Factor completely: 2x2 + 6x − 80 (2x − 5)(x + 8) (2x − 10)(x + 8) 2(x − 5)(x + 8) 2(x − 10)(x + 8)

myininaya (myininaya):

\[2x^2+6x-80=2(x^2+3x-40)=2(x+?)(x-?)\]

myininaya (myininaya):

the first question is 8 and the second question is 5 since 8(-5)=-40 and 8+(-5)=3

jimthompson5910 (jim_thompson5910):

\[\large 2x^2 + 6x - 80\] \[\large 2(x^2 + 3x - 40)\] \[\large 2(x^2 + 8x-5x - 40)\] \[\large 2(x(x + 8)-5(x +8))\] \[\large 2(x-5)(x + 8)\] So the answer is choice C

OpenStudy (anonymous):

one day i am going to learn this factor by grouping thing

myininaya (myininaya):

satellite i thought i taught you :(

OpenStudy (anonymous):

yes you did. you taught me, but i didn't learn it. (you been there before i am sure). care to try again?

myininaya (myininaya):

\[ax^2+bx+c\] to factor something of this form: Find factors of a*c that have product a*c and have sum b

OpenStudy (anonymous):

we got \[x^2+3x-40\] and please don't say "two numbers whose product is -40 and whose sum is 3" because that is how i do it

myininaya (myininaya):

lol

OpenStudy (anonymous):

that is the same thing as "factoring" without grouping.

myininaya (myininaya):

factor by grouping is how i did that one proof on the quadratic formula

myininaya (myininaya):

factor by grouping is the coolest!

OpenStudy (anonymous):

oooh right. like completing the square. or that great sophie germain trick

myininaya (myininaya):

i remember that trick a bit

myininaya (myininaya):

oh jim hasn't seen my proof on the quad formula yet : 0

myininaya (myininaya):

jimthompson5910 (jim_thompson5910):

Example: Factor 9x^2-6x-8 Step 1) Multiply the first and last coefficients: 9*(-8)=-72 Step 2) Find two numbers that both multiply to -72 and add to -6. Those numbers are -12 and 6 Step 3) Replace -6x with -12x+6x (notice how -12x+6x adds back to -6x). The -12x and -6x are drawn exactly from those two numbers we found in step 2). So 9x^2-6x-8 turns into 9x^2-12x+6x-8 Step 4) Now factor the expression by grouping 9x^2-12x+6x-8 (9x^2-12x)+(6x-8) ... pair off terms in 2 groups (how you pair depends on the problem) 3x(3x-4)+(6x-8) ... factor out the GCF 3x from the first group 3x(3x-4)+2(3x-4) ... factor out the GCF 2 from the second group Notice we now have a common factor of 3x-4, factor this out to get (3x+2)(3x-4) So 9x^2-6x-8 = (3x+2)(3x-4)

myininaya (myininaya):

i like jim's explanations

myininaya (myininaya):

so perfect

jimthompson5910 (jim_thompson5910):

the pdf isn't showing up for me...

myininaya (myininaya):

myininaya (myininaya):

like when you click it, it doesn't show anything?

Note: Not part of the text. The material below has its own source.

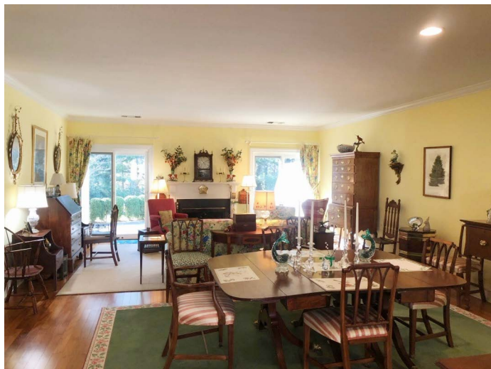
Living / Dining combo

jimthompson5910 (jim_thompson5910):

apparently it doesn't like firefox, but chrome works fine, weird...

myininaya (myininaya):

well completing the square is still a better way to prove the quadratic formula but this works too

OpenStudy (anonymous):

i am a big fan of completing the square in all circumstances except finding a vertex (lol)

OpenStudy (anonymous):

for example in factoring \[x^4+x^2+1\]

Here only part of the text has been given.